CHAPTER V
TOM’S PROJECT
Curious was the sight that met the
gaze of Tom Swift and Mr. Wakefield Damon as they
rounded the corner of the house and looked into the
newly spaded garden. There stood the giant, Koku,
holding aloft in the air, by one hand, the form of
the struggling colored man, Eradicate Sampson.
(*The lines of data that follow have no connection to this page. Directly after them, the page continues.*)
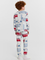 Комплект для мальчиков состоит из джемпера с длинным рукавом и брюк. Изготовлена модель из высококачественного хлопка, что обеспечит комфорт как в летний, так и в зимний период. Пижама для подростка мальчика отлично подходит для отдыха в комфортнойдомашней обстановке и сна. Пижама детская — отличный подарок ребенку на любой праздник. Обязательно понравится ребенку, ведь она выполнена в трендовых цветах и украшена милыми и оригинальными рисунками. Широкий размерный и цветовой ряд. Рекомендуем!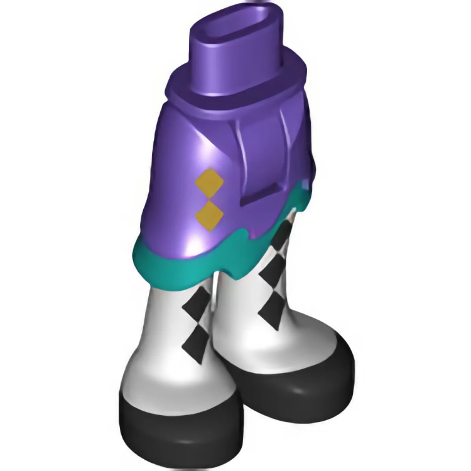 Part 20380c00pb07 - Mini Doll Hips and Asymmetric Layered Skirt Short, Dark Turquoise Ruffle, White Leggings with Black Diamonds and Shoes Pattern - Thick Hinge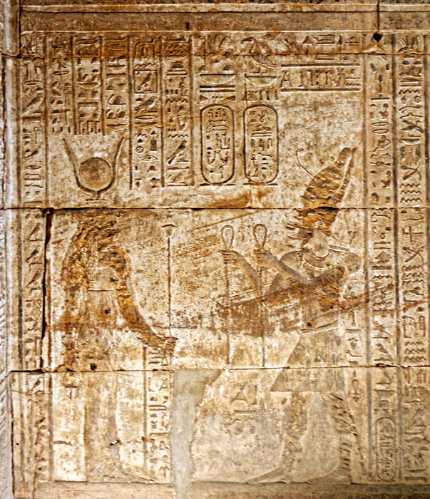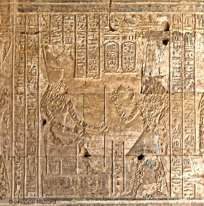 Le roi Ptolémée IV de l'onguent présenté par un petit sphinx à Harsomtous, fils d'Hathor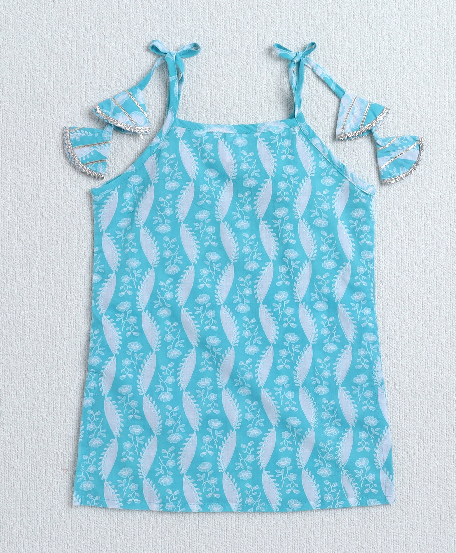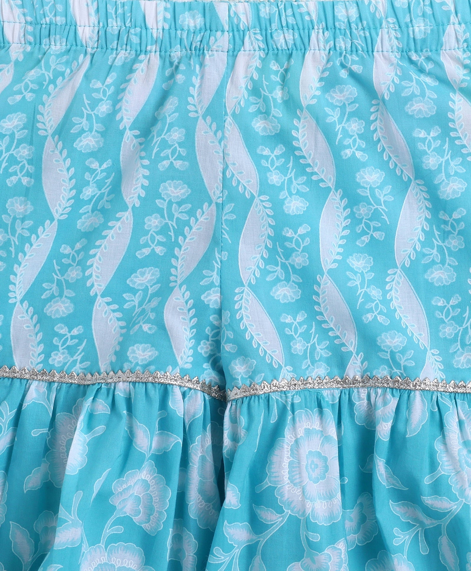 The Magic Wand Cambric Cotton Shoulder Tie Ups AII Over Printed Kurta and Sharara Set- Blue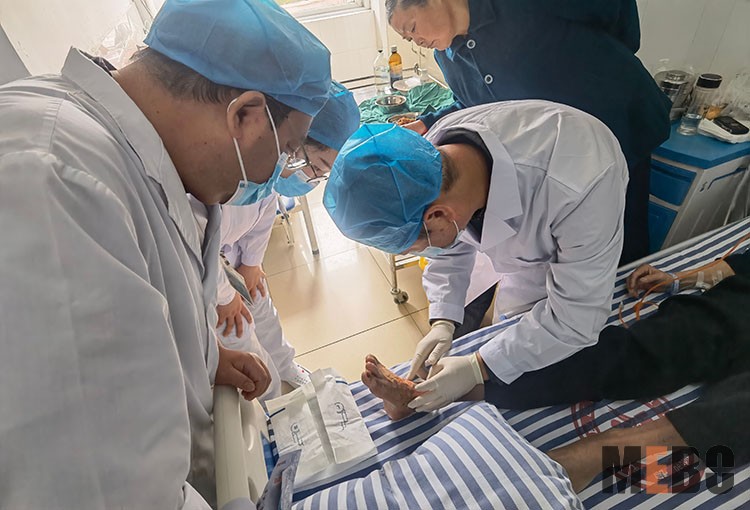 2021年10月21日,北京榮祥再生醫(yī)學(xué)研究所副所長(zhǎng)、《中國(guó)燒傷創(chuàng)瘍雜志》編委金黨軍教授應(yīng)邀來(lái)到遼寧省健康產(chǎn)業(yè)集團(tuán)阜新礦總醫(yī)院手足外科進(jìn)行再生醫(yī)療技術(shù)交流及現(xiàn)場(chǎng)觀摩指導(dǎo),參加本次交流的還有阜新市中心醫(yī)院及阜蒙縣人民醫(yī)院的專家團(tuán)隊(duì),金教授與大家就糖尿病足患者的治療情況及創(chuàng)面科室的發(fā)展情況進(jìn)行詳細(xì)探討,并進(jìn)行了現(xiàn)場(chǎng)實(shí)際換藥操作,受到家屬和全體醫(yī)護(hù)人員的好評(píng)與認(rèn)可。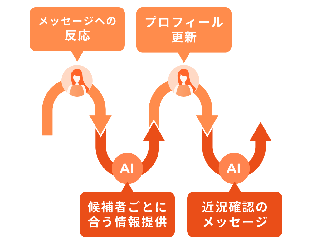 検索行動やSNSプロフィールの更新など、転職意欲の“兆し”をAIが自動で検知。面談打診、フォローアップまで、候補者の状況に応じて最適なアプローチを自動で実行します。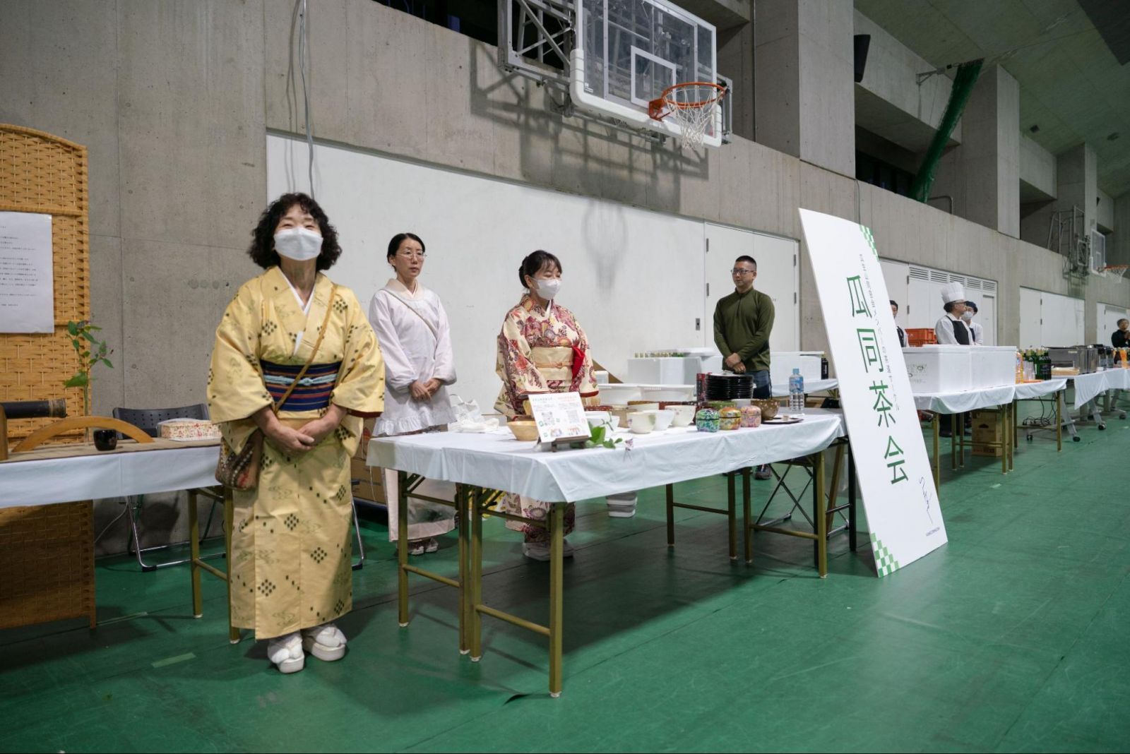 また、会場では、Homecoming Day特別呈茶会と題して、瓜生山同窓会のメンバーで立ち上げた茶道サークル「瓜同茶会」の方々が呈茶をしてくださるイベントも行われていました。秋らしい安納芋のお茶菓子と抹茶が、日々の疲れを癒してくれます。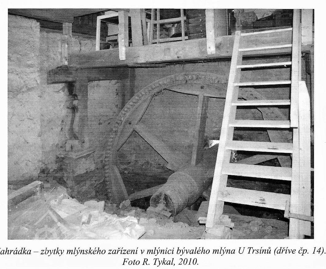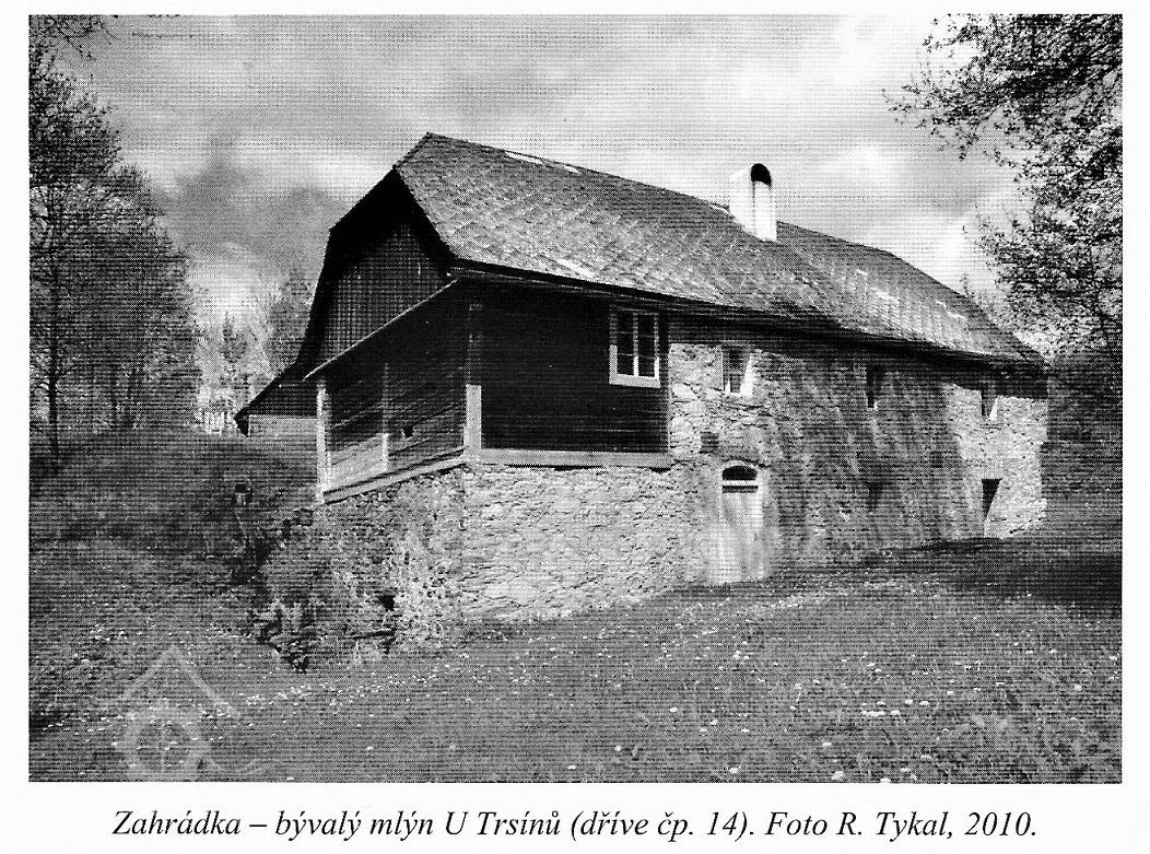 1) obytné stavení s mlýnicí 2) stodola 3) rybník Areál mlýna je situován v malebném údolí na severním okraji vesnické památkové zóny Zahrádka. Mlýn leží na nepravidelném pozemku. V současné době je tvořen dvojicí objektů, oddělených rybníčkem (akumulační nádrží), s dlouhou hrází na jihozápadní a jihovýchodní straně. Pod jihovýchodní stranou hráze je situována budova mlýna (obytné stavení s mlýnicí). Svou podélnou osou je mlýn orientován přibližně ve směru severovýchod – jihozápad, tedy rovnoběžně s potokem. Stavení je založené ve svahu tak, že z jihovýchodní strany se jeví jako patrové, zatímco ze severozápadní strany jako přízemní. Na severozápadní straně areálu stojí volně nevelká stodola, orientovaná podélnou osou ve směru severozápad – jihovýchod. Zbývající části vodního díla (náhon, odtokový kanál s jalovým přelivem a odtokový kanál z lednice) nejsou památkově chráněny (na pozemku ppč. 212). Počátky mlýna nejsou objasněné. Dnešní stavba obsahuje druhotně použité dřevěné stavební konstrukce z první třetiny 18. století – prvky barokní mlýnské hranice s jedním bohatě profilovaným sloupem a dále prvky rámové roubené stěny ze silných fošen v prostoru mlýnice. Tyto konstrukce jsou dendrochronologicky datované mezi roky 1708 – 1725 (hranice), resp. 1717 a 1727 – 1729 (roubená příčka a rámová stěna mlýnice). Zda k barokní stavební etapě patří i některé zděné konstrukce (suterén, klenby) se nepodařilo bezpečně určit, pravděpodobně jsou však až pozdější. Situace na mapě stabilního katastru z roku 1837 ukazuje pozoruhodný fakt, že objekt byl oproti dnešnímu stavu významně kratší na severovýchodní straně. Objekt byl vyznačen červeně jako nespalný. Areál doplňovala ještě stodola v dnešní poloze (značená žlutě) a především dnes již zaniklý velký objekt v podélné orientaci vůči přístupové cestě, navazující volně kolmo na stodolu na severozápadní straně areálu (rovněž značený žlutě). Tato skutečnost nás nutí zamyslet se nad funkcí jednotlivých objektů v rámci areálu. Zdá se pravděpodobné, že zaniklý objekt na severozápadní straně areálu mohl být původním obytným (roubeným) domem, zatímco oproti dnešku významně menší objekt na místě dnešního mlýna a obytného stavení byl původně jen monofunkčním mlýnem. Právě tato stavba mohla být postavena z dřevěných prvků, obsažených druhotně v dnešní konstrukci mlýnské hranice a roubení mlýnice.
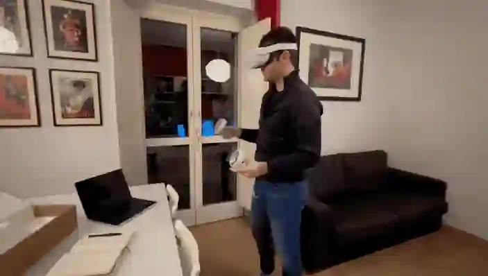 瞧,一位外国小哥头戴VR,手持设备,就开始了一通“谜之操作”: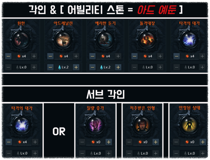 - 스킬트리 /트포 / 룬/ 보석 배치/ 보석 업글 우선순위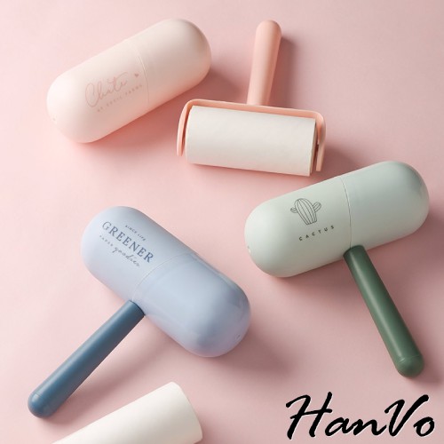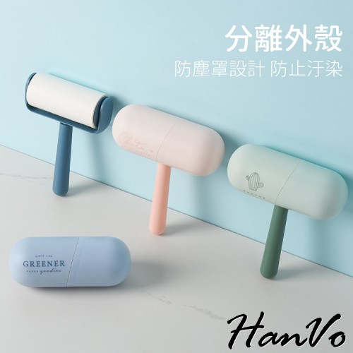 【HanVo】膠囊造型滾筒黏毛器 現貨斜撕環保除塵滾輪黏塵紙塵器清毛器補充包紙捲捲芯 生活居家掃除用品 C07-1013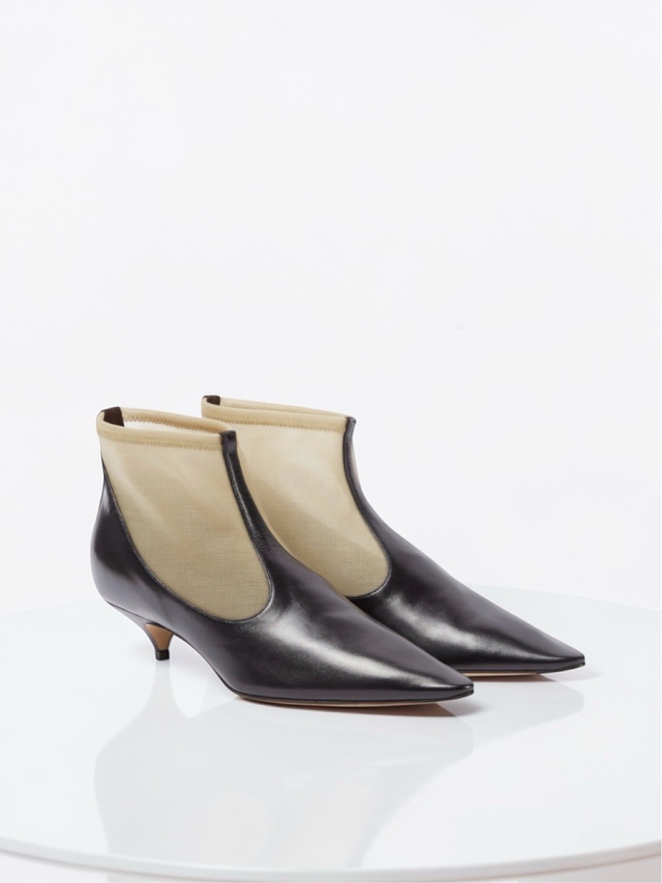 Полусапоги The Row - воплощение скульптурного подхода к обуви. Модель из гладкой кожи с замшевой подкладкой для комфорта и резиновым напылением на подошве для практичности. Силуэт, который сочетает резкую графичность с мягкостью форм. Острый мысок визуально удлиняет ногу и придает образу современную графичность и четкость. Универсальная модель, которая будет безупречно смотреться как с прямыми брюками и пальто, так и с платьем-миди.
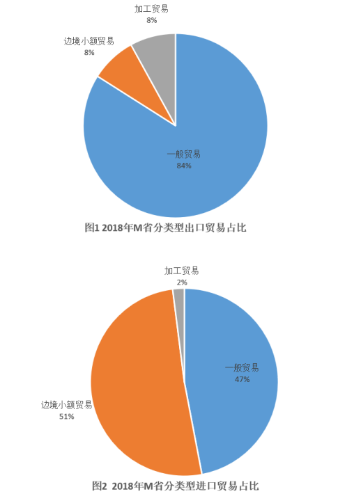 2018年,M省進出口總值達到1034.4億元,比上年增長9.9%。其中,出口378.6億元,增長14.4%;M省加工貿(mào)易進出口總值比上年增長82.1%。與“一帶一路”沿線國家貿(mào)易保持快速增長,其中對蒙古國、越南、德國、荷蘭進出口分別比上年增長24.1%、1.4倍、64.2%和40.3%。全省實際利用外資31.6億美元,比上年增長0.3%。

And Eradicate was vainly trying to get at his enemy
and rival, but was prevented by the long-distance
hold the giant had on him.
“Yo’ let me go, now!
Yo’ let me go, big man cried Eradicate.
“Ef yo’ don’t I’ll bust yo’
wide open, dat’s whut I’ll do! An’
‘sides, I’ll tell Massa Tom on yo’,
dat’s whut I’ll do!”
“Ho! You tell—I let you fall!”
threatened Koku.
His threat was dire enough, for such
was his size and strength that he held the colored
man nearly nine feet from the ground, and a fall from
that distance would seriously jar Eradicate, if it
did nothing else. The colored man’s eyes
opened wide as he heard what Koku said, and then he
cried:
“Let me down! Let me down, an’ I
won’t say nuffin!”
“An’ you let me scatter
dirt?” asked Koku. for such was the giant’s
idea of working in the garden.
“Yes, yo’ kin scatter
de dirt seben ways from Sunday fo’ all I keers!”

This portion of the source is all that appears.